Burke talking about swinging for the fences. Can’t be afraid. “When you see a fastball, grip that bat and swing for the fences.”
— Justin (@jtbourne) November 13, 2012
This was an excellent line. There’s nothing less cool, to me, than having the chance to make personnel decisions and sitting around with a bunch of mediocre players. I’m of the “trade potential for realized talent” mind (Kessel trade may look bad in the end, but this team has needed him to be remotely interesting, and draft picks don’t always pan out), and Burke seemed to be too.
Might as well go down with guns-a-blazin’ if you’re gonna go down (which you eventually will as a GM).
Burke said they had Percy higher on their list than Biggs, took Biggs first cause knew other teams wanted Biggs, got both.
— Justin (@jtbourne) November 13, 2012
I guess he tells this story often, but anyone who knows fantasy sports knows this move. “Well, I really want that guy, but don’t think others do, let’s take a risk and pick the guy we don’t like as much, hope the guy we like is still there later.” What’s fun to think about with that move is that sometimes teams try this and their guy gets taken, so they leave the draft hating their new prospects. Oh, happy day!
Leafs have a “do not draft” list for guys with bad attitudes. Will just trade pick if guy is clearly best available player when they’re up.
— Justin (@jtbourne) November 13, 2012
The Leafs truly do value character, and I’m of the mind that their GM has a lot of it too:
Burke talks about being a GM & all the good you can do in the community if you take the position seriously. “I think I was born to do this.”

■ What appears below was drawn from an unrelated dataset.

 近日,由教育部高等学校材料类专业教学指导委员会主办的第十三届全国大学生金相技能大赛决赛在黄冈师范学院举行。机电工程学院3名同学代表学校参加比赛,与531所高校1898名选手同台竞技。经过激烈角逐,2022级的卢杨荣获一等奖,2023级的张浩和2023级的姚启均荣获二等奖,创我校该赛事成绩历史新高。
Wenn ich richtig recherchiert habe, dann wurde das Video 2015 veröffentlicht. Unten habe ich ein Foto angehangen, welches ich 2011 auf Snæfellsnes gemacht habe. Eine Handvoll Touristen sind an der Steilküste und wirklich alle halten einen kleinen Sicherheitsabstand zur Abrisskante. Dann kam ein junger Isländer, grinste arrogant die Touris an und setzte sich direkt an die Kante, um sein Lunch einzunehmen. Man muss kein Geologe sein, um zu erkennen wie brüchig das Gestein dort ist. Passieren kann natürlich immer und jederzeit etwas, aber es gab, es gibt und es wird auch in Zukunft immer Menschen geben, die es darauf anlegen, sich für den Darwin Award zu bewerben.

— Justin (@jtbourne) November 13, 2012




I understand what Burke was doing, and I understand that he didn’t think the Leafs would be a lottery team, but there’s no “may” about the Kessel trade. It’s bad.
Thing about trading prospects – almost impossible to assess what would have been. Would Seguin have developed the same way in TO? Do we really know what Dougie Hamilton would have done there too? Look at how some of their other prospects have panned out and going with the proven talent might have been a plan.

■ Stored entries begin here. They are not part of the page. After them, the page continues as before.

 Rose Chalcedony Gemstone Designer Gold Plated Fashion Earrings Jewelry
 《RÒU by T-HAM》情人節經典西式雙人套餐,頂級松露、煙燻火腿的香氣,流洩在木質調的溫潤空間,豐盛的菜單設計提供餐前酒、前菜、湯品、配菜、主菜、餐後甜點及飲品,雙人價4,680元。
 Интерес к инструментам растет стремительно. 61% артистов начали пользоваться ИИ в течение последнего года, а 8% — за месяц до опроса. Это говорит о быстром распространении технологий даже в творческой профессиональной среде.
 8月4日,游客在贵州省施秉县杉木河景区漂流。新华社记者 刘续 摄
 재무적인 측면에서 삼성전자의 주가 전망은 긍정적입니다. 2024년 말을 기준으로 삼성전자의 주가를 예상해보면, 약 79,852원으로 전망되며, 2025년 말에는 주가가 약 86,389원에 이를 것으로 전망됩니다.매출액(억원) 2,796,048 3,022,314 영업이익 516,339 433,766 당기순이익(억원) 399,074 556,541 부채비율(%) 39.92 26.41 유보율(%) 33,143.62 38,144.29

Kessel trade wasn’t and still isn’t that bad. Chances are Hamilton will turn into a very good defender and Boston will win the trade, but as it stands now the Leafs got one of the best goal scorer in the league who still has a decade of hockey left in him for draft picks.
ROFL I Iove Leafs fans.
Soccer kits typically have the team crest on their jerseys, not necessarily huge logos. I don’t mind the sponsors on their jerseys, they are typically very tastefully done. Sometimes they become apart of the jersey like when Celtic had Carling and Liverpool with Carlsberg. It’s weird now seeing their jerseys without them. If they can design NHL jerseys as gracefully as soccer ones, I wouldn’t mind as much.
As someone that likes soccer, but only watches it when it’s on at the bar (usually on mute), I find that I often can’t tell which team is which because the Jersey says “Arab Emerites Air”. That’s very lame.
“Apparently going off that master list is a major offense. Scouts spend their entire year trying to be right on two days, so making a “gut decision” on the day-of and veering off course means you don’t value your scouts opinion, and people have to be replaced.”
“Burke said they had Percy higher on their list than Biggs, took Biggs first cause knew other teams wanted Biggs, got both.”
Hmmmmmmmmmm………
“Won’t have ads on their jerseys”
Yeah. Right.
If the NHL opens that door, the tail doesn’t waive the dog. Think he should give his head a shake and remind himself who his employer is.
Yep, once one team does it, every team will because of, you know, money.